INSTRUCTIONS FOR THE TASK. Please keep pictures out and return the lines below exactly, from the one holding "入中にはどの方角から来ても坂" through the last, both included.
[Opening PROVIDED DATA section]
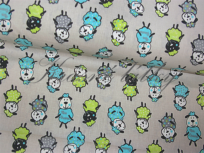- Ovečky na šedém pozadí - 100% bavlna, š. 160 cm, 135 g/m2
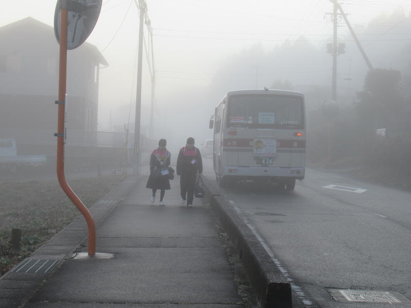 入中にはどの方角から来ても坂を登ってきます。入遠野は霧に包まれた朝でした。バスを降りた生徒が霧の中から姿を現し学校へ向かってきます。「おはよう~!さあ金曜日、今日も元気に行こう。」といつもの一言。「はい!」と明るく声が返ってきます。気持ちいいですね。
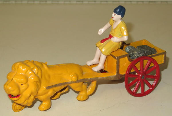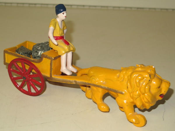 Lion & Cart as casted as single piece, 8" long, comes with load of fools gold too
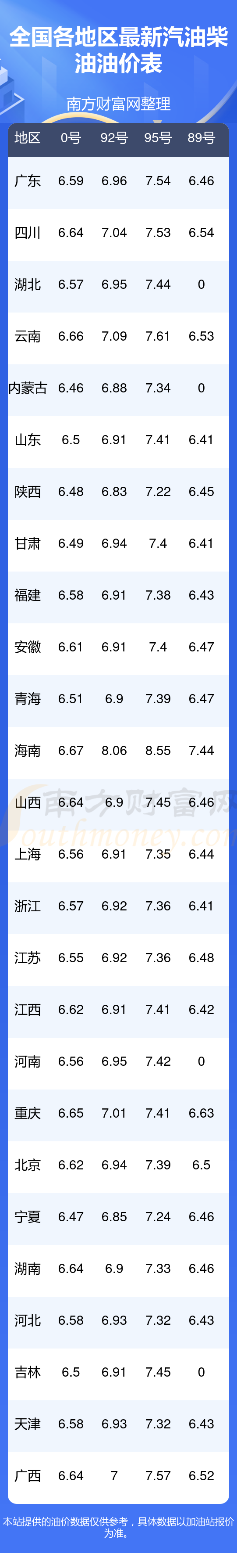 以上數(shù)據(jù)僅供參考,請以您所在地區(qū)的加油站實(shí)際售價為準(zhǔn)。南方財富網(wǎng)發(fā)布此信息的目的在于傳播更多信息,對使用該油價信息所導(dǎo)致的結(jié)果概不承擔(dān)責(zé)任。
[Closing PROVIDED DATA section]
WRITTEN SOLUTION.
 入中にはどの方角から来ても坂を登ってきます。入遠野は霧に包まれた朝でした。バスを降りた生徒が霧の中から姿を現し学校へ向かってきます。「おはよう~!さあ金曜日、今日も元気に行こう。」といつもの一言。「はい!」と明るく声が返ってきます。気持ちいいですね。
 Lion & Cart as casted as single piece, 8" long, comes with load of fools gold too
 以上數(shù)據(jù)僅供參考,請以您所在地區(qū)的加油站實(shí)際售價為準(zhǔn)。南方財富網(wǎng)發(fā)布此信息的目的在于傳播更多信息,對使用該油價信息所導(dǎo)致的結(jié)果概不承擔(dān)責(zé)任。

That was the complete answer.